Uncensored language models present materially elevated risks compared to safety-aligned models, including but not limited to: generation of harmful, misleading, illegal, or objectionable content; susceptibility to adversarial misuse; potential for facilitating activities that violate applicable laws or regulations; and amplified risk in automated or agentic pipelines where outputs may be executed without human review.
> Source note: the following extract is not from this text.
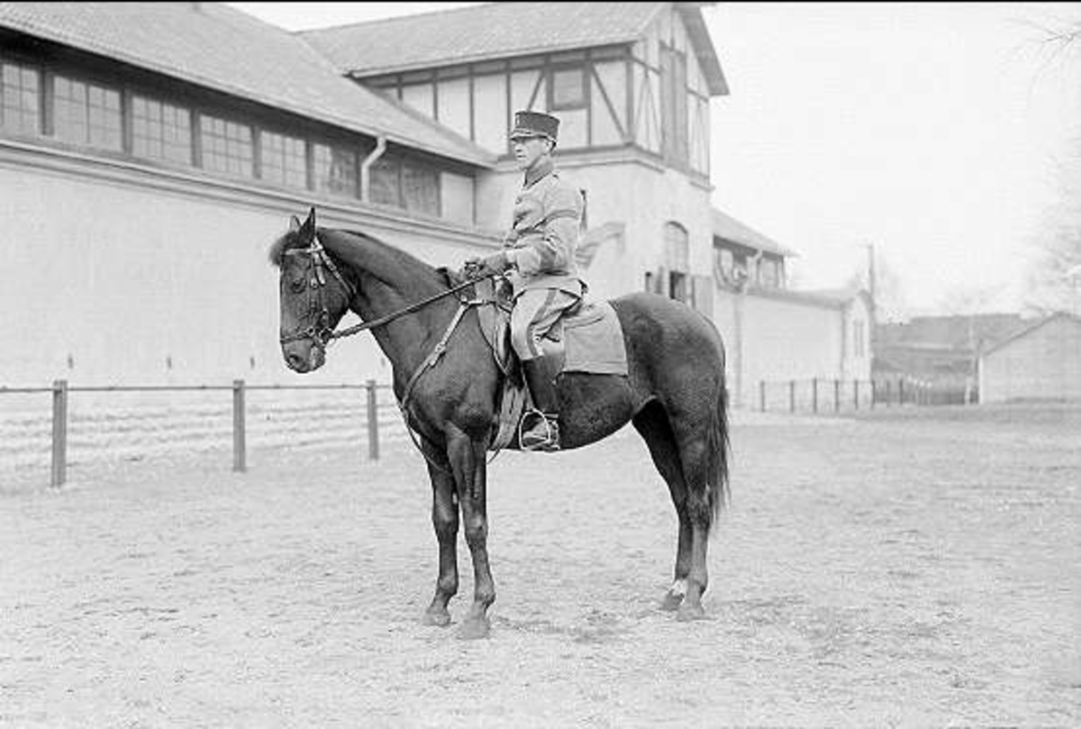 Livhusar med tjänstehäst vid skvadronsstallets östra långsida.

These tools are powerful and serve a multitude of legitimate and essential purposes -- including security research, red-teaming, content analysis, creative work, and applications where safety filters interfere with valid use cases. However, the absence of safety guardrails demands a correspondingly higher standard of care from the operator. You must implement your own safeguards, content filtering, access controls, and monitoring appropriate to your use case and jurisdiction.

Limitation of Liability

The authors, contributors, and distributors of this model and container image ("Providers") are not responsible or liable, directly or indirectly, for any actions taken, content generated, damages incurred, or legal consequences arising from the use or misuse of these materials.

User Responsibility

You, the user, assume full and sole responsibility and liability for all outputs generated by the model under your operation, ensuring compliance with all applicable laws, and implementing appropriate access controls and human oversight.

Acceptance

By downloading or using any component of this release you indicate your acceptance of these terms and your assumption of all associated risks and liabilities. If you do not agree, do not download or use these materials.

License

This model inherits the Gemma license from Google.